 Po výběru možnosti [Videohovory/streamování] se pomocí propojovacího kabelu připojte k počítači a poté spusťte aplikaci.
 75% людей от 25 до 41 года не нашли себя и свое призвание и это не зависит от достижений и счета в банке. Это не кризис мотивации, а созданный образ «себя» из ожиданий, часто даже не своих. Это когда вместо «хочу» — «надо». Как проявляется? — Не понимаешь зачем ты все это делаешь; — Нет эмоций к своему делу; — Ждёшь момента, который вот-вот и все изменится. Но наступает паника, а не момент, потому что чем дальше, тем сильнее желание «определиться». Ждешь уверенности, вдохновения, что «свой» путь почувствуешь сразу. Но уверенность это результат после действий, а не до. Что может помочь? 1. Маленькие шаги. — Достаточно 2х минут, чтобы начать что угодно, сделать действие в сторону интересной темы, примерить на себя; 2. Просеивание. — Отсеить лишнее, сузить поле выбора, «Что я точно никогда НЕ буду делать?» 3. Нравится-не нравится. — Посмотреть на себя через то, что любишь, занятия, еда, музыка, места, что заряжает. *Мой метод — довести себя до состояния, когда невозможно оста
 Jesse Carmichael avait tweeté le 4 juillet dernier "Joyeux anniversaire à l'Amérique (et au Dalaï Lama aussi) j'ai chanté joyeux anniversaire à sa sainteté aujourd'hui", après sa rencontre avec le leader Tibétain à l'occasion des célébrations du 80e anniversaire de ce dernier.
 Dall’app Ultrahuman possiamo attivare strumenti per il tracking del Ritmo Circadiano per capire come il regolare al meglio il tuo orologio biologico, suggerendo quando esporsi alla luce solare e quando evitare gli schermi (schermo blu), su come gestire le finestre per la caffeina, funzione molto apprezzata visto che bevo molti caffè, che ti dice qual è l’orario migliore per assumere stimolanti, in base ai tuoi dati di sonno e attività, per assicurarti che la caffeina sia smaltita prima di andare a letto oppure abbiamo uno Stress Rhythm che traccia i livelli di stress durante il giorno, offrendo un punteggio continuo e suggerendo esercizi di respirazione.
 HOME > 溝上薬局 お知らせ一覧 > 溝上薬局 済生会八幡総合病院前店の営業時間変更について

--

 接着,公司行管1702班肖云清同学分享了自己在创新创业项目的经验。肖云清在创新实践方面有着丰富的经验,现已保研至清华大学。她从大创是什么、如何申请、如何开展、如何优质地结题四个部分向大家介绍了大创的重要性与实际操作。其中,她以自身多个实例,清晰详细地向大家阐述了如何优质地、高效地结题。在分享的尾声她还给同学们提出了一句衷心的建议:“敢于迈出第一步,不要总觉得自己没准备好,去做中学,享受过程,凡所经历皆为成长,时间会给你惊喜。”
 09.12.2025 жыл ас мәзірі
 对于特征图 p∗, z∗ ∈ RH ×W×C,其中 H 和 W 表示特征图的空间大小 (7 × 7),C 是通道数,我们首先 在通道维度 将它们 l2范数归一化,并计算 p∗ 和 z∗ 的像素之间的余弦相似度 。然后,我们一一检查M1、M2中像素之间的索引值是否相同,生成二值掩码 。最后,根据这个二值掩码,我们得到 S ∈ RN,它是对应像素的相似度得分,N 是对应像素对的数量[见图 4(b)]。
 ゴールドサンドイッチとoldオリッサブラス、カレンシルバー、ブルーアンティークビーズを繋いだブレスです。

--

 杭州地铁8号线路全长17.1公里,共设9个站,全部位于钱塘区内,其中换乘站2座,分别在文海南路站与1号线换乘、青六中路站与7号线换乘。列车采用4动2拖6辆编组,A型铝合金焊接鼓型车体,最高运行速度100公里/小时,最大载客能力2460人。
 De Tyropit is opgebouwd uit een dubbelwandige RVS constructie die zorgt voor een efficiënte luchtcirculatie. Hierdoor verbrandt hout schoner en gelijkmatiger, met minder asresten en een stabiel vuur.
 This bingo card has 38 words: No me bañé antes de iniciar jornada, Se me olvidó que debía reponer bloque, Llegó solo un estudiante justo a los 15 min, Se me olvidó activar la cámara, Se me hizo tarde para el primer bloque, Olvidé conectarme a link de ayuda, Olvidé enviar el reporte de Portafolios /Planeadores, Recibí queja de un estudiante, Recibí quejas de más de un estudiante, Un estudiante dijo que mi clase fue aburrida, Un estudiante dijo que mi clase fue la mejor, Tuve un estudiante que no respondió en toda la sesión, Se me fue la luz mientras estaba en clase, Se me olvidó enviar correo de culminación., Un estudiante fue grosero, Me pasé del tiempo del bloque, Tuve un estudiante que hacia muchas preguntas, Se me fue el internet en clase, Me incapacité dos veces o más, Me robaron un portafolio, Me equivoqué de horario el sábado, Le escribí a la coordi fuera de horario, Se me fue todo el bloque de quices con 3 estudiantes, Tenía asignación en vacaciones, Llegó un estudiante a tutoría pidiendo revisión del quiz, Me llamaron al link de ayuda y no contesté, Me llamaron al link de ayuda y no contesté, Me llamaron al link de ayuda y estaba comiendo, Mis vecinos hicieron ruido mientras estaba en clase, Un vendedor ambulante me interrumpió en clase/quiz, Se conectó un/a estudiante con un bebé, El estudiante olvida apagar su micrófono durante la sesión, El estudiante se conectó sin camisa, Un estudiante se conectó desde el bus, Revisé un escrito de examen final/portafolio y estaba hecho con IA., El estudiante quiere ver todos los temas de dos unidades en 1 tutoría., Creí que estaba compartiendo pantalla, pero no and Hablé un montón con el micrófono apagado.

--

_ACTIVITY_: Everything above from the line with "Dall’app Ultrahuman possiamo" to the line with "HOME > 溝上薬局", both included, must be repeated exactly, and nothing outside that range.

_EXERCISE ANSWER_:
 Dall’app Ultrahuman possiamo attivare strumenti per il tracking del Ritmo Circadiano per capire come il regolare al meglio il tuo orologio biologico, suggerendo quando esporsi alla luce solare e quando evitare gli schermi (schermo blu), su come gestire le finestre per la caffeina, funzione molto apprezzata visto che bevo molti caffè, che ti dice qual è l’orario migliore per assumere stimolanti, in base ai tuoi dati di sonno e attività, per assicurarti che la caffeina sia smaltita prima di andare a letto oppure abbiamo uno Stress Rhythm che traccia i livelli di stress durante il giorno, offrendo un punteggio continuo e suggerendo esercizi di respirazione.
 HOME > 溝上薬局 お知らせ一覧 > 溝上薬局 済生会八幡総合病院前店の営業時間変更について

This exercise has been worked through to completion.